God, in the Isaiah passage, is notifying God's people of the Creator prerogative. God is dissatisfied with the way life is turning out. So God is going to make some changes. The Creator will do what the Creator will do, using whomever the Creator wishes. IN this case, the Almighty calls Cyrus, the ruler of Persia. God will use him to conquer Babylon (where most of the Israelites are living in captivity) and this major change will “set the scene for the journey of the exiles back to their homeland.” Cyrus, a foreign King, with no Jewish blood at all, will even end up decreeing the rebuilding of the Jerusalem Temple.

Like the early People of God, we should remember that God does call whom God wants. If we ignore the call, God will find others - and with or without their knowledge - God will use them. This is the Creator’s prerogative.

This message quickly puts us in our place as creatures, doesn't it?
It reminds us of our limited power to control. When God calls, who are we to say no, or not right now, or I'd like to think about it. Maybe later God, when I'm more ready.  ?

A passage like this leaves the question of free will unanswered.
How much can God do without our consent? Why does God bother to call people, if God can do what God wants? We turn to the stories of scripture, which tell us that God does call us, and God's preference is for us to respond--- willingly; as individuals and as communities of God's children.

God's message was often to an entire community or nation -or nations.
God's call began with Abram and Sara's story, which was a CALL to become a Nation of God's people. They answered, “Yes” and became a wandering couple who WAITED, many, many years for the 'call' of God to be fulfilled in the promised family of descendents. Eventually their descendents became two nations of God's people; Israel & Judah, consolidated from the 12 tribes of Abraham.

The Bible is full of stories of individuals who were called into God's service.
Moses' story began before he encountered a burning bush. He felt the pull of being a Jew, before he even recognized there was a Divine presence behind his actions.
He didn't want to accept the call, you'll remember. He listed every excuse he could think of and God countered every one. Eventually bringing Moses' brother Aaron into the mix as spokesperson to help Moses' deal with a speech impediment. Moses was special above all others because he got to talk to God directly. He was quite bold as we heard in the passage read from Exodus 33. Basically –saying to God, “if you are not going to go with us, don't even bother to take us any further than this place.” And God promises to stay with the people because God has called Moses' by name.

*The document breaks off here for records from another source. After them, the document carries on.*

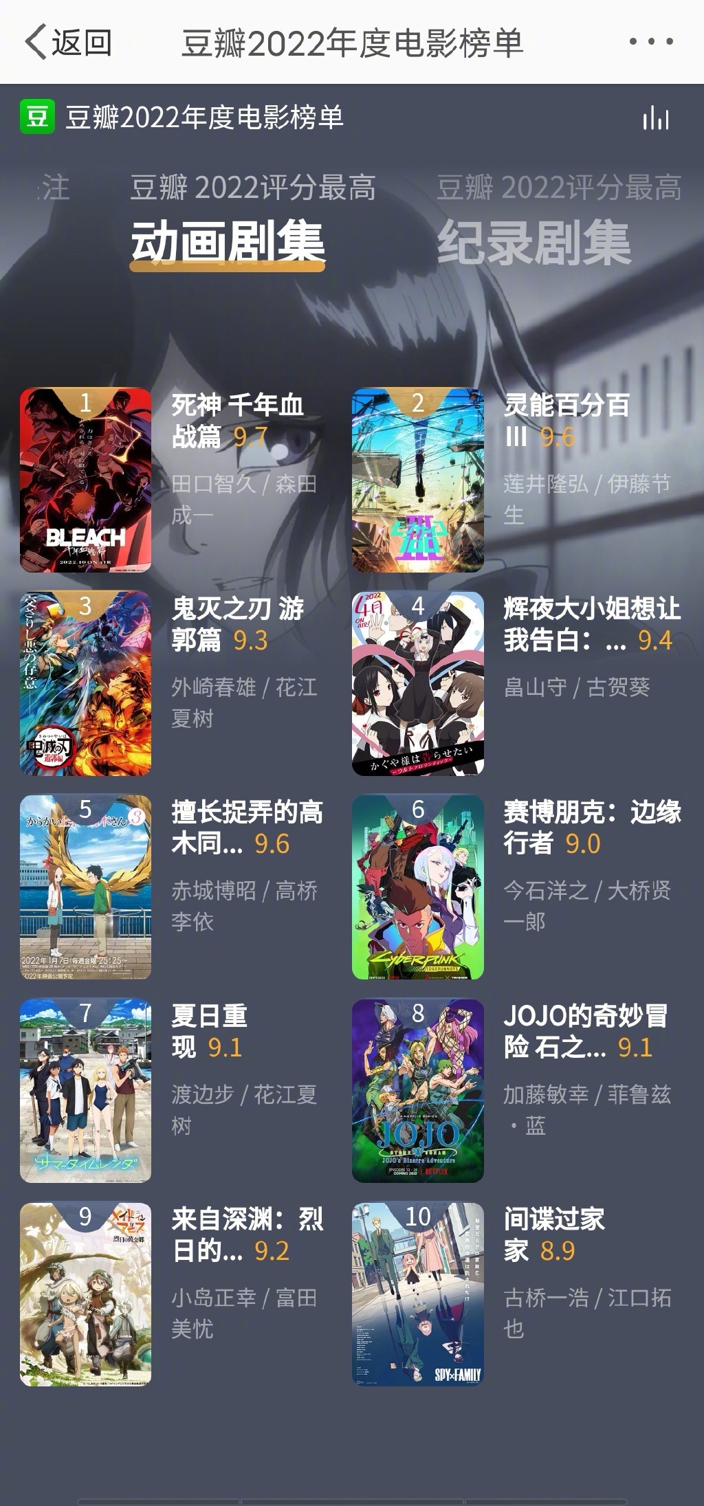 2022年度高分动画排名介绍都已经分享在上面,感兴趣的小伙伴可以参考本篇攻略,希望能为各位玩家们带来帮助,想要了解更多游戏攻略及资讯请持续关注5gwan手游。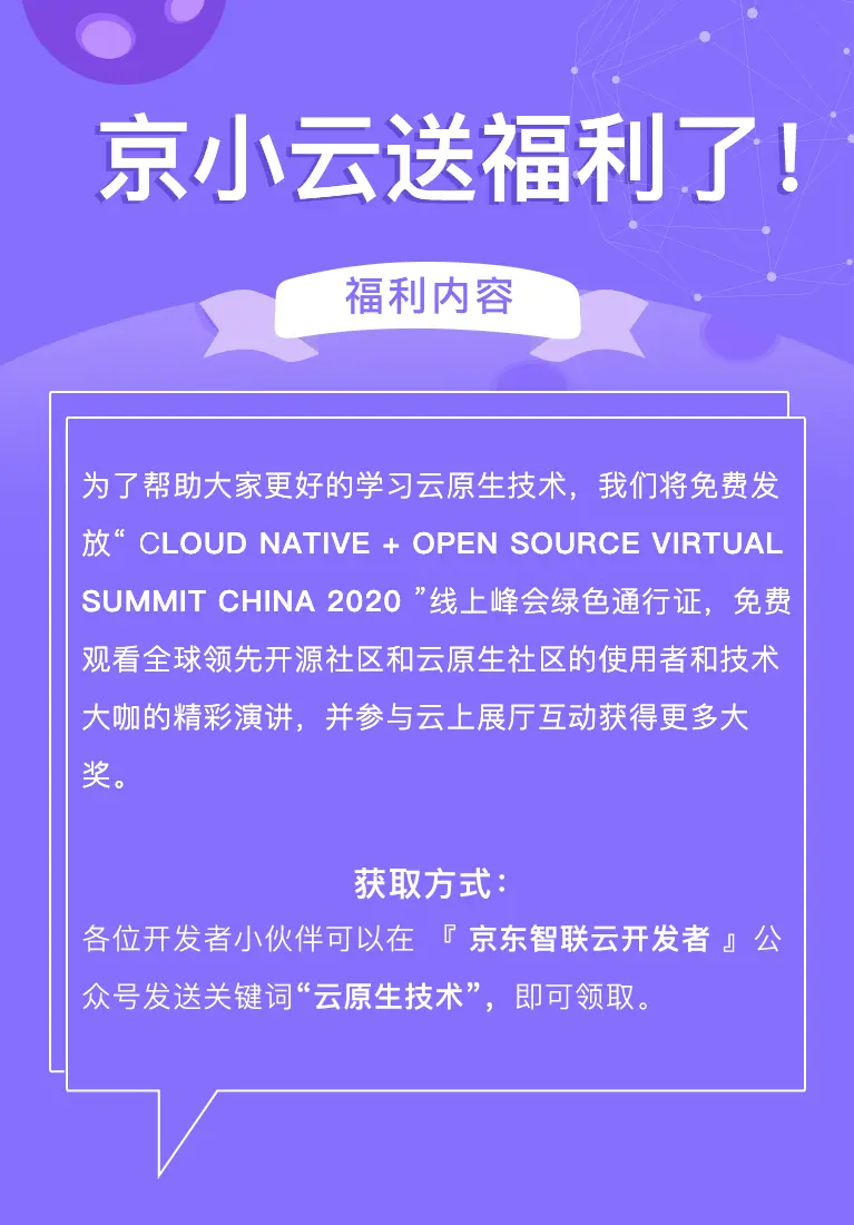 2020年7月30日-8月1日,2020 年 Cloud Native + Open Source Virtual Summit China 中国峰会将首次以线上形式召开。作为 CNCF 云原生基金会白金会员,继去年参与 KubeCon 后,今年京东智联云将继续在大会中亮相,不仅带来多场精彩演讲,还将通过京东智联云云上展厅,近一步展示京东云原生技术动态与前沿技术。
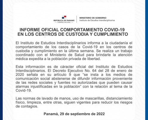 Informe Oficial Comportamiento Covid-19 en los Centros de Custodia y Cumplimiento 29 de septiembre 2022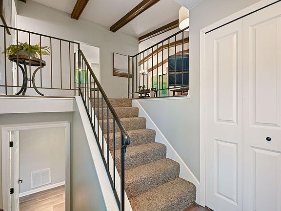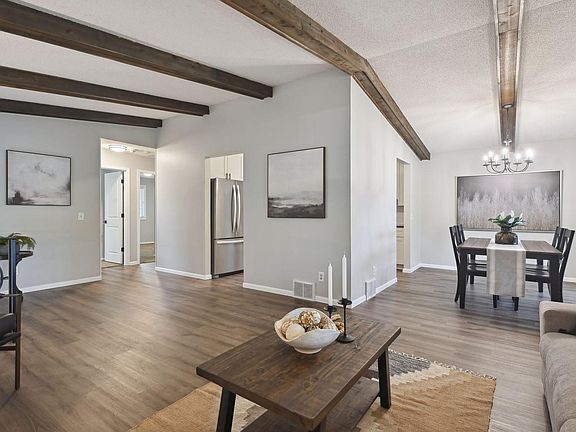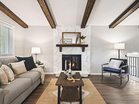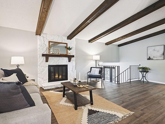 Step right in and it feels like home right away! This split level 3 bed 2 bath home will take your breath away. Updates throughout makes this home the perfect place to lay down your roots and move in without needed to do anything. The main level offers gorgeous LVP throughout, fresh paint and incredible wood beams accenting the vaulted ceilings. Floor to ceiling stone wood burning fireplace is the perfect accent to the living room. Kitchen has white shaker cabinets, quartz countertops, stainless steel appliances and a perfect kitchen sink window! Off the dining room is a massive 3 season porch perfect for extra entertaining space. Bedrooms are spacious and offer ample storage/closet space. Lower level is large and has a great gas burning fireplace perfect curling up to on cold nights. The backyard is a perfect spot for future MN summer BBQ's. All new windows and siding in 2021!! Don't wait on this one! So much to offer on this one.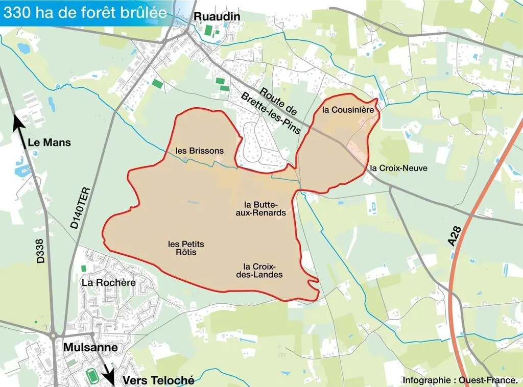 330 hectares de forêts ont brûlé au sud du Mans, en Sarthe. L’incendie, qui a débuté lundi 18 juillet 2022, a principalement touché Teloché, Mulsanne et Ruaudin. Infographie Ouest-France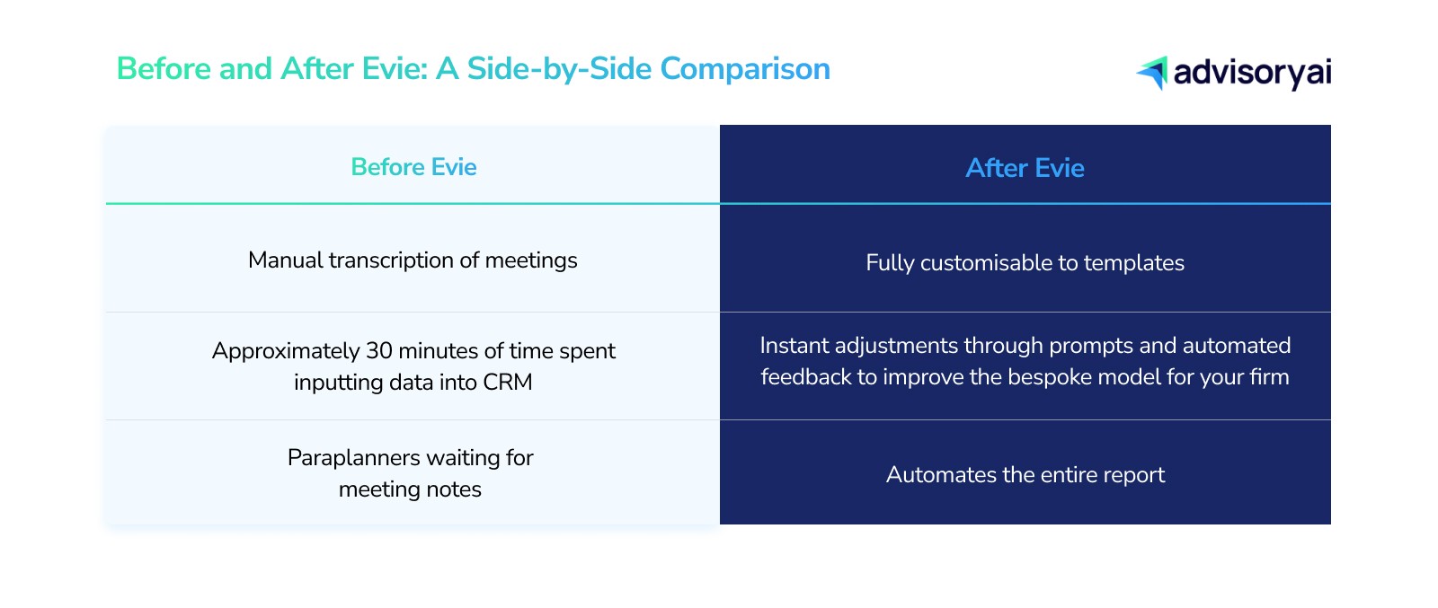 Evie offers significant advantages to both advisers and paraplanners, driving productivity and saving valuable time.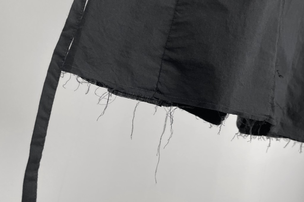 紐が邪魔な場合は収納、もしくはコートっぽく後ろで軽く結ぶか。お好みでアレンジが可能となります。

Many prophets were also called into God's service; this wasn't a prime career position. Isaiah & Jeremiah, have stories of obeying God's call even when it meant saying what no one wanted to hear and suffering for it. You might even remember Jonah who initially disobeyed God's call and ran away on board a ship. That adventure ended rather unpleasantly. If you don't recall the entire story, the book of Jonah is short & exciting read!

All through the scriptures heard today, are messages verifying the fact that God does call. People ARE chosen by God and our answer makes a difference.  Cyrus's call is different than most. His is a unique circumstance where God uses someone who is not aware of his call, and doesn't even know God.

Cyrus is literally named, “God's anointed” – you may remember how that word translates, in Hebrew it is, Messiah and in Greek it is Christ. Cyrus is the ONLY non-Jew named God's anointed.

It certainly sounds strange to us who have come to hear “the anointed” as referring only to Jesus, but “Cyrus's call will bring redemption to the Israelites and enlightenment to his own life.  This is how the story of God's people evolves in the second part of the book of Isaiah. God calls this people back together, back to their land. --we could say God is calling them to return to faithfulness from the place of exile where they have been living.

The call to faithfulness brings life back into the CREATOR’s original design. Faithful response often needs renewing in God’s creation.

Much of our world today lives apart from any dependence on God.  Unlike the universalist perspective in 2nd Isaiah, where all people are not only dependent on God, they will ALL be 'saved' by the God who “is responsible for all aspects of the cosmos, both the origins of the natural world (“I form light and create darkness”) AND the events of human history (“I make weal and create woe”).

Today, We don't all share this perspective on God's intervention in human affairs or of the extent of God's saving grace. Being not of one mind, we struggle to interpret God's call and wonder if and how a particular event can BE part of God's Will?

I find it helps to read these stories of God's call. In stories we learn what others have done and how God acts. In real-life stories we learn the true character of God. We learn to look for themes that resonate with the way God wants the world to be. The stories lift us from our short-term vision and help us see the way God works. In stories we learn what the Creator is dissatisfied with and where we can expect God to makes changes. (Just like the composer who wants his song to come out just right.)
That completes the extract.